• [EXERCISE BRIEF]: Leaving the pictures aside, transcribe every line below exactly.

• [DATA]:
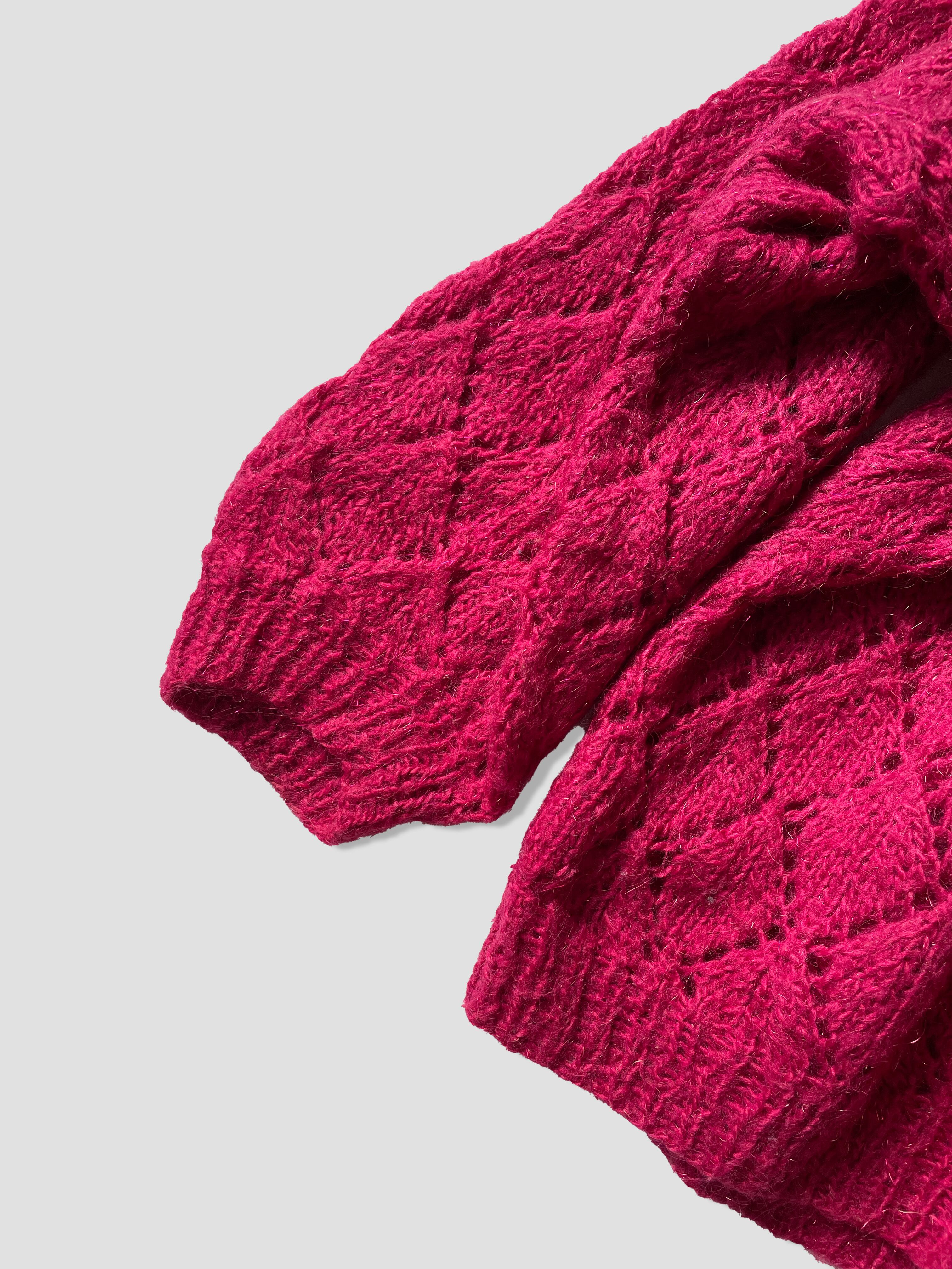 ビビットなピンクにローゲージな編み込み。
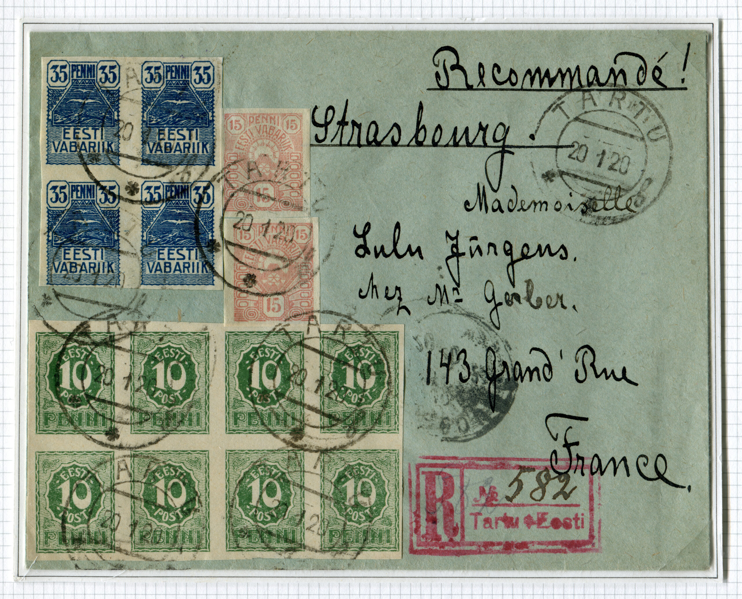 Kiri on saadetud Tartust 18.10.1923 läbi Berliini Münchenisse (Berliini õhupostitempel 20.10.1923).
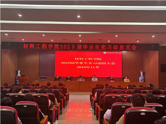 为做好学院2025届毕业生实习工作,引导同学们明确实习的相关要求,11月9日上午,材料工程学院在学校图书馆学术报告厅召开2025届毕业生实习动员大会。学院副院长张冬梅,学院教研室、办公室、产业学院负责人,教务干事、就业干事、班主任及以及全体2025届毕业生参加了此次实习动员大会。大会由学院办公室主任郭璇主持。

• [ANSWER FOR THIS EXERCISE]:
 ビビットなピンクにローゲージな編み込み。
 Kiri on saadetud Tartust 18.10.1923 läbi Berliini Münchenisse (Berliini õhupostitempel 20.10.1923).
 为做好学院2025届毕业生实习工作,引导同学们明确实习的相关要求,11月9日上午,材料工程学院在学校图书馆学术报告厅召开2025届毕业生实习动员大会。学院副院长张冬梅,学院教研室、办公室、产业学院负责人,教务干事、就业干事、班主任及以及全体2025届毕业生参加了此次实习动员大会。大会由学院办公室主任郭璇主持。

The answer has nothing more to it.